**Exercise prompt:** Your copy should match the records below word for word and contain no pictures.

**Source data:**
== Segment start ==

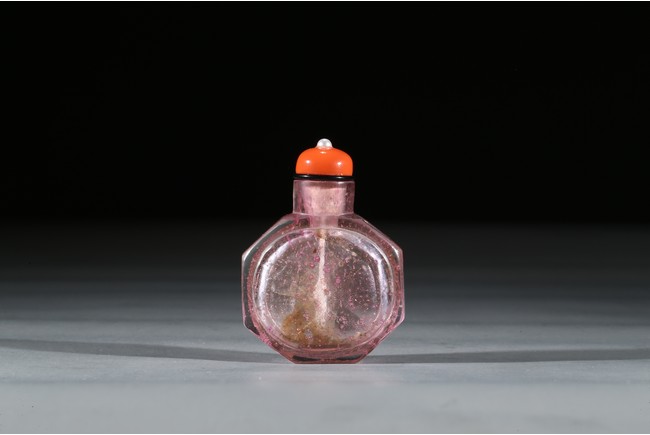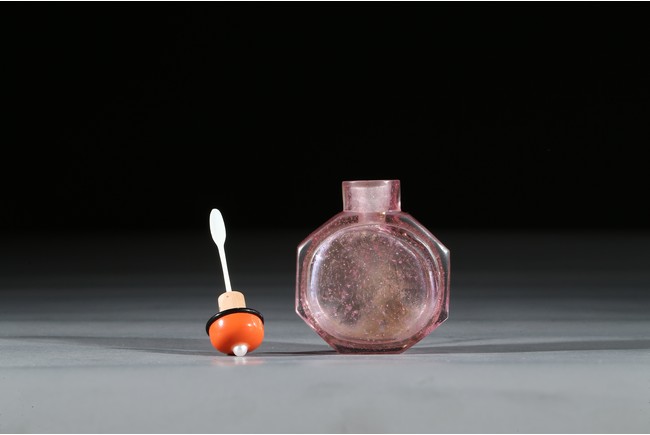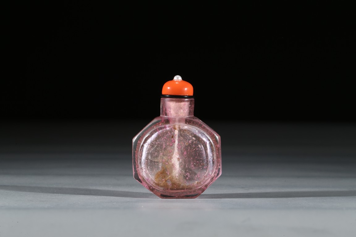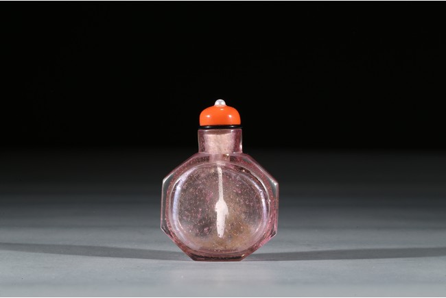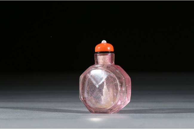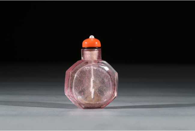 Of transparent pink tone and faceted shaped, with stopper. Qing Dynasty period.
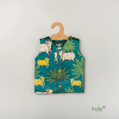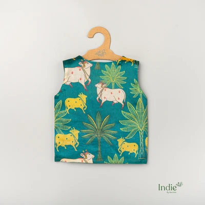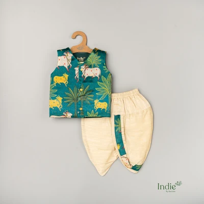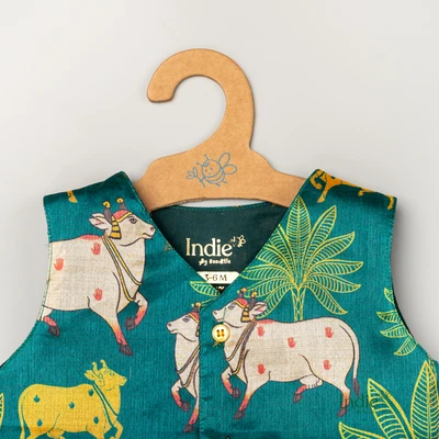 Bottle Green Pitchwai V-Neck Jabla And Panjakajam
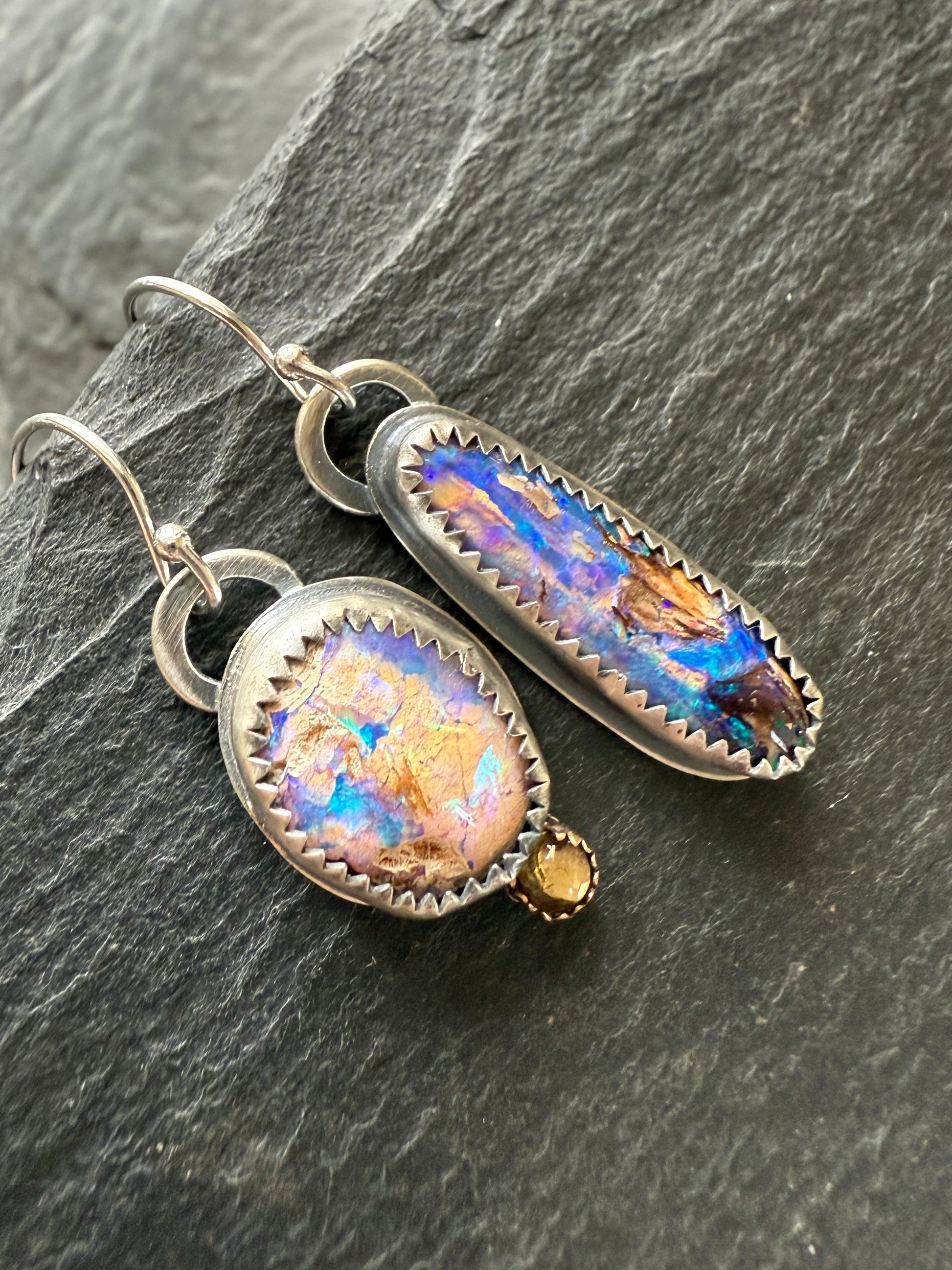 Featuring modern rustic mismatched boulder opal earrings. I have bezel set these beauties in re-cycled sterling silver, then oxidised, hammered and polished to a rustic patina. The smaller stone is accented with a citrine gem encased in 14k gold.
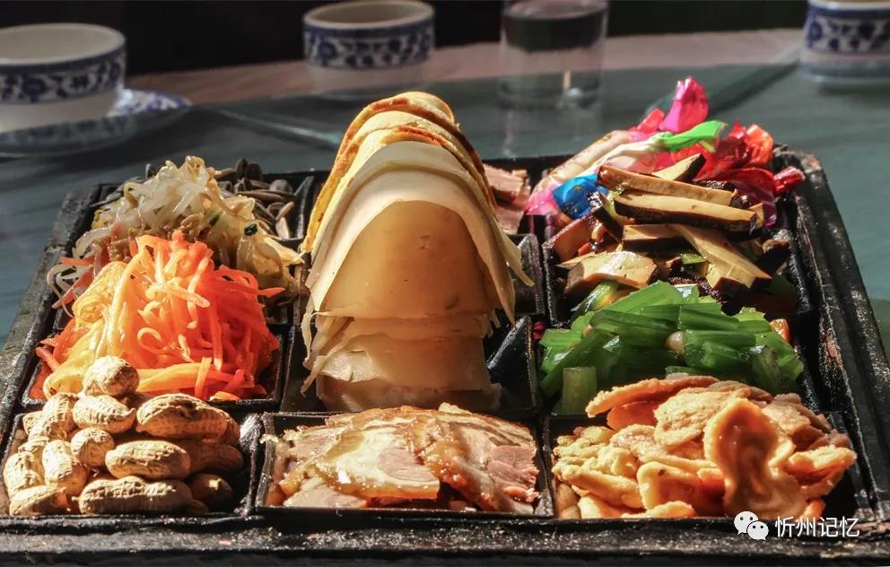 水菜盒子,是一個(gè)木制的長(zhǎng)方形盒子,長(zhǎng)約40多厘米,寬約20多厘米,高約10多厘米。木盒分蓋子和底座,底色多漆為紅黑兩色。蓋子上有的還畫有人物、山水、花卉等圖案,為描金漆處理。底座內(nèi)有12個(gè)木制的小長(zhǎng)方形碟子,以3行4列的形式排列,用來裝涼拌菜。傳統(tǒng)的涼拌菜為四葷、二素、六干果,但后來大多演變?yōu)樗娜?、四素、四干果。其中的“四葷”為雞蛋餅、冷片肉、蒸肉、鹵肉;“四素”幾乎全是清淡的蔬菜,如綠豆芽、胡蘿卜、土豆絲、菠菜、胡芹等;“六干果”分別是葵花子、水果糖、南瓜子、油蛋蛋、金銀棗、蝦片。在忻府區(qū),過去家家戶戶但凡婚喪嫁娶,總要上水菜盒子,這就是老忻州人好說的“八八六六”。其中“八八”即水菜盒子(除去里面的干果正好8小碟菜),代表涼菜。
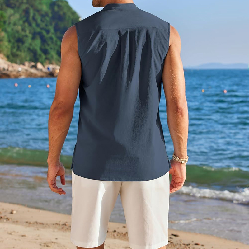 - Buttons, adjustable round neck or V-neck, sleeveless, solid color design are often used, the overall shape is simple, suitable for various daily collocation.
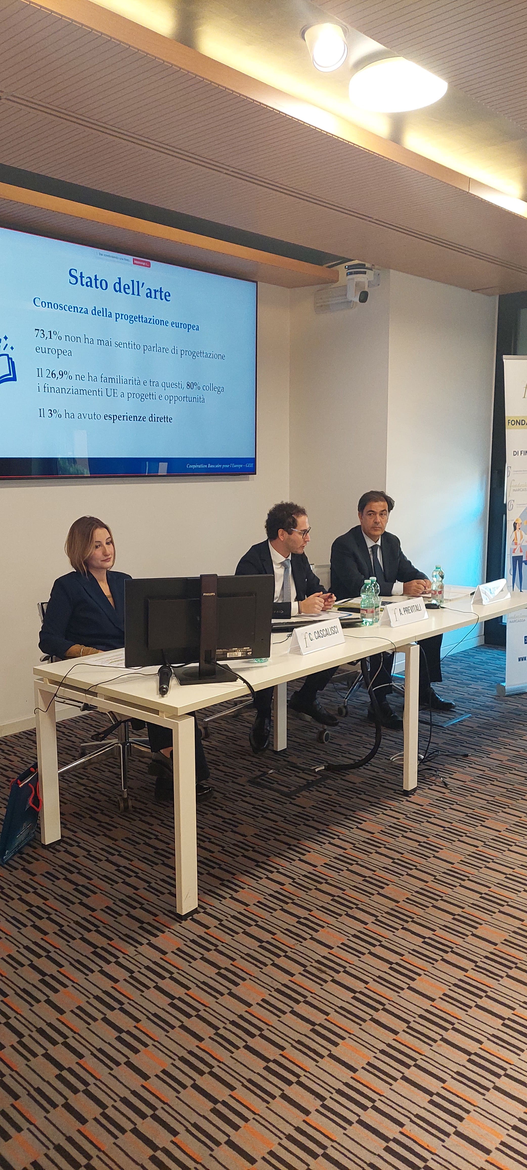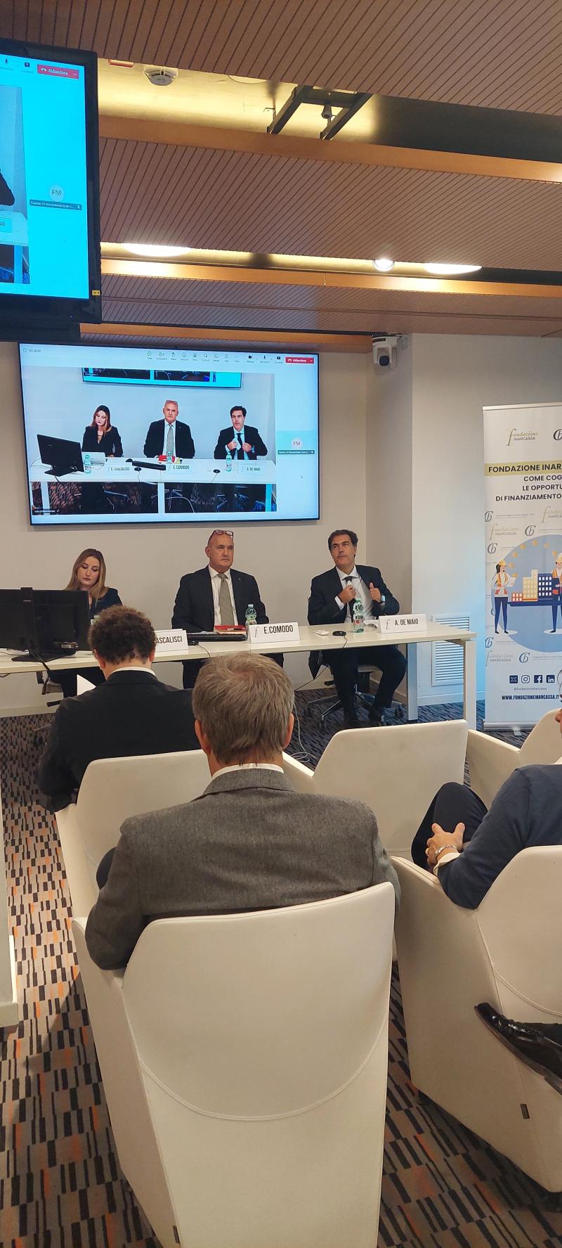 All'evento sono intervenuti come relatori il Dott. Alessandro Previtali, Business Development Manager - EU Affairs e il Dott. Fabrizio di Marcantonio – EU Project Manager - Eu Affairs, per CBE; il presidente della Fondazione Inarcassa, ing. Andrea De Maio, il vice presidente di Inarcassa, ing. Egidio Comodo e il dott. Brando Benifei, parlamentare europeo.
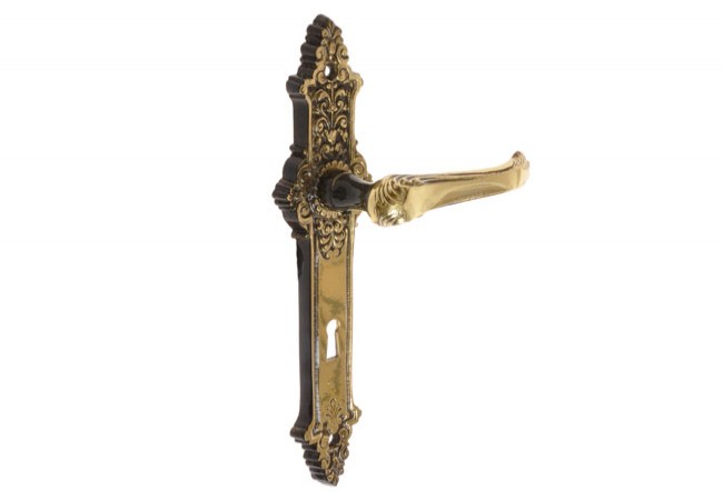 Piękne i zdobne na tyle, że same w sobie mogą stanowić element wystroju wnętrza. Ich błyszczące wykończenie z pewnością będzie przykuwać wzrok przechodniów i cieszyć ich oczy. Mimo postarzanego wyglądu klamki te są wysoce ergonomiczne i usprawniają korzystanie z drzwi wewnętrznych. Ozdobne klamki na długim szyldzie nie tylko będą pasować do wnętrz kościołów i pałaców, ale także domów urządzonych i przyozdobionych w klimacie Art Deco. Mosiądz to przecież jeden z najtrwalszych i najbardziej szlachetnych surowców służących do wykonywania klamek drzwiowych. Zapewnia on nieporównywalną trwałość i odporność produktów na uszkodzenia. Zamknięcia występują w wersji WC, na wkładkę cylindryczną oraz klasyczny, gruby klucz. Dzięki specjalnym śrubom zawartym w zestawie instalacja klamki jest bezproblemowa. Podana cena obejmuje klamkę na stronę zewnętrzną i wewnętrzną drzwi.
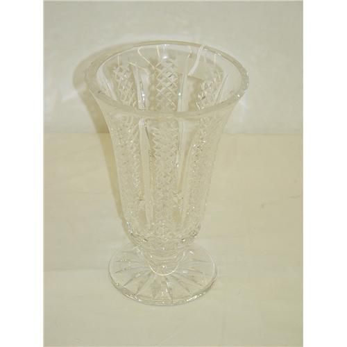 10" WATERFORD CRYSTAL FOOTED VASE W/ DIAMOND PATTERN-MARKED ON BASE W/ ACID STAMP - WEAR;
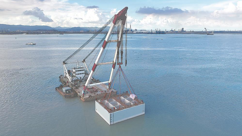 近日,随着最后一件沉箱精准落位,湄洲湾港罗屿作业区13~15号泊位工程沉箱全部完成安装,较原计划提前10天。
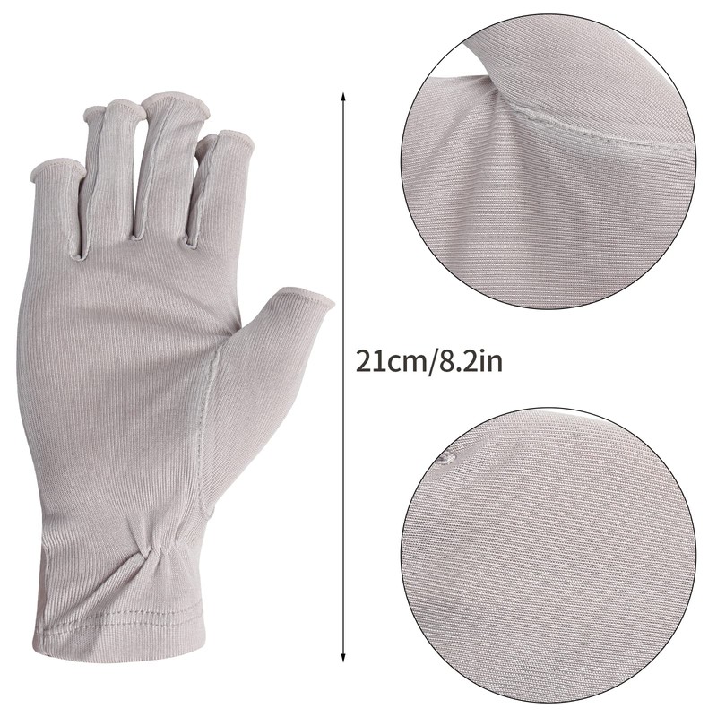 CINECE Women's Silk Gloves, Hand Care, Moisturizing, Heat Retention, Protection, Rough Skin, Sunscreen (Half Finger, Gray)

== Segment end ==

**Expected answer:**
 Of transparent pink tone and faceted shaped, with stopper. Qing Dynasty period.
 Bottle Green Pitchwai V-Neck Jabla And Panjakajam
 Featuring modern rustic mismatched boulder opal earrings. I have bezel set these beauties in re-cycled sterling silver, then oxidised, hammered and polished to a rustic patina. The smaller stone is accented with a citrine gem encased in 14k gold.
 水菜盒子,是一個(gè)木制的長(zhǎng)方形盒子,長(zhǎng)約40多厘米,寬約20多厘米,高約10多厘米。木盒分蓋子和底座,底色多漆為紅黑兩色。蓋子上有的還畫有人物、山水、花卉等圖案,為描金漆處理。底座內(nèi)有12個(gè)木制的小長(zhǎng)方形碟子,以3行4列的形式排列,用來裝涼拌菜。傳統(tǒng)的涼拌菜為四葷、二素、六干果,但后來大多演變?yōu)樗娜?、四素、四干果。其中的“四葷”為雞蛋餅、冷片肉、蒸肉、鹵肉;“四素”幾乎全是清淡的蔬菜,如綠豆芽、胡蘿卜、土豆絲、菠菜、胡芹等;“六干果”分別是葵花子、水果糖、南瓜子、油蛋蛋、金銀棗、蝦片。在忻府區(qū),過去家家戶戶但凡婚喪嫁娶,總要上水菜盒子,這就是老忻州人好說的“八八六六”。其中“八八”即水菜盒子(除去里面的干果正好8小碟菜),代表涼菜。
 - Buttons, adjustable round neck or V-neck, sleeveless, solid color design are often used, the overall shape is simple, suitable for various daily collocation.
 All'evento sono intervenuti come relatori il Dott. Alessandro Previtali, Business Development Manager - EU Affairs e il Dott. Fabrizio di Marcantonio – EU Project Manager - Eu Affairs, per CBE; il presidente della Fondazione Inarcassa, ing. Andrea De Maio, il vice presidente di Inarcassa, ing. Egidio Comodo e il dott. Brando Benifei, parlamentare europeo.
 Piękne i zdobne na tyle, że same w sobie mogą stanowić element wystroju wnętrza. Ich błyszczące wykończenie z pewnością będzie przykuwać wzrok przechodniów i cieszyć ich oczy. Mimo postarzanego wyglądu klamki te są wysoce ergonomiczne i usprawniają korzystanie z drzwi wewnętrznych. Ozdobne klamki na długim szyldzie nie tylko będą pasować do wnętrz kościołów i pałaców, ale także domów urządzonych i przyozdobionych w klimacie Art Deco. Mosiądz to przecież jeden z najtrwalszych i najbardziej szlachetnych surowców służących do wykonywania klamek drzwiowych. Zapewnia on nieporównywalną trwałość i odporność produktów na uszkodzenia. Zamknięcia występują w wersji WC, na wkładkę cylindryczną oraz klasyczny, gruby klucz. Dzięki specjalnym śrubom zawartym w zestawie instalacja klamki jest bezproblemowa. Podana cena obejmuje klamkę na stronę zewnętrzną i wewnętrzną drzwi.
 10" WATERFORD CRYSTAL FOOTED VASE W/ DIAMOND PATTERN-MARKED ON BASE W/ ACID STAMP - WEAR;
 近日,随着最后一件沉箱精准落位,湄洲湾港罗屿作业区13~15号泊位工程沉箱全部完成安装,较原计划提前10天。
 CINECE Women's Silk Gloves, Hand Care, Moisturizing, Heat Retention, Protection, Rough Skin, Sunscreen (Half Finger, Gray)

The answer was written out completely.